1.3 Application.This standard shall apply to all systems for the movement of environmental air in structures that serve the following:

(1)*

Spaces over 708 m3 (25,000 ft3) in volume

(2)*

Buildings of Types III, IV, and V construction over three stories in height, regardless of volume

(3)*

Buildings and spaces not covered by other applicable NFPA standards

(4)*

Occupants or processes not covered by other applicable NFPA standards


----------



## steveray

Are you under the IBC? Fire wall? Fire barrier? Fire partition? It may just need to be smoke tight if it does not have any openings in the corridor.....

716.5.2 Fire barriers.

Duct and air transfer openings of fire barriers shall be protected with approved fire dampers installed in accordance with their listing.

Exception: Fire dampers are not required at penetrations of fire barriers where any of the following apply:

1. Penetrations are tested in accordance with ASTM E 119 as part of the fire-resistance-rated assembly.

2. Ducts are used as part of an approved smoke control system in accordance with Section 909.

3. Such walls are penetrated by ducted HVAC systems, have a required fire-resistance rating of 1 hour or less, are in areas of other than Group H and are in buildings equipped throughout with an automatic sprinkler system in accordance with Section 903.3.1.1 or 903.3.1.2. For the purposes of this exception, a ducted HVAC system shall be a duct system for conveying supply, return or exhaust air as part of the structure’s HVAC system. Such a duct system shall be constructed of sheet steel not less than 26 gage thickness and shall be continuous from the air-handling appliance or equipment to the air outlet and inlet terminals.

716.5.4 Fire partitions.

Duct penetrations in fire partitions shall be protected with approved fire dampers installed in accordance with their listing.

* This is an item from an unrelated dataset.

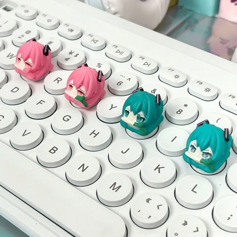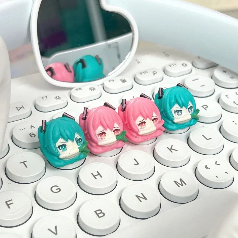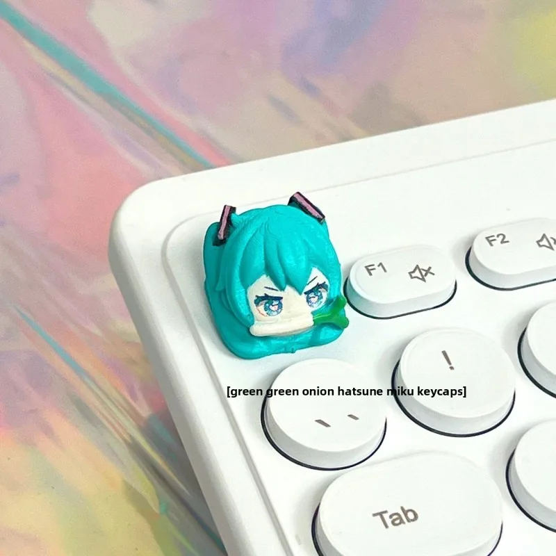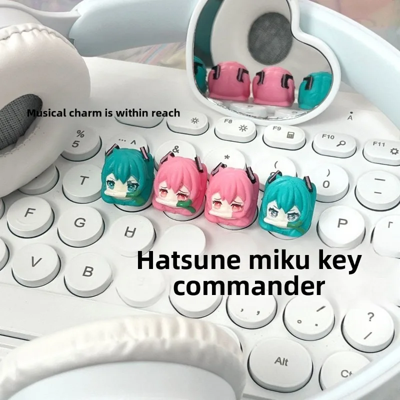 Hatsune Miku-teclas de resina de dibujos animados, teclas con personalidad creativa, Teclado mecánico de eje transversal DIY, accesorios universales, regalo nuevo

Exceptions: In occupancies other than Group H, fire dampers are not required where any of the following apply:

1. The partitions are tenant separation and corridor walls in buildings equipped throughout with an automatic sprinkler system in accordance with Section 903.3.1.1 or 903.3.1.2 and the duct is protected as a through penetration in accordance with Section 712.

2. The duct system is constructed of approved materials in accordance with the International Mechanical Code and the duct penetrating the wall meets all of the following minimum requirements:

2.1. The duct shall not exceed 100 square inches (0.06 m2).

2.2. The duct shall be constructed of steel a minimum of 0.0217 inch (0.55 mm) in thickness.

2.3. The duct shall not have openings that communicate the corridor with adjacent spaces or rooms.

2.4. The duct shall be installed above a ceiling.

2.5. The duct shall not terminate at a wall register in the fire-resistance-rated wall.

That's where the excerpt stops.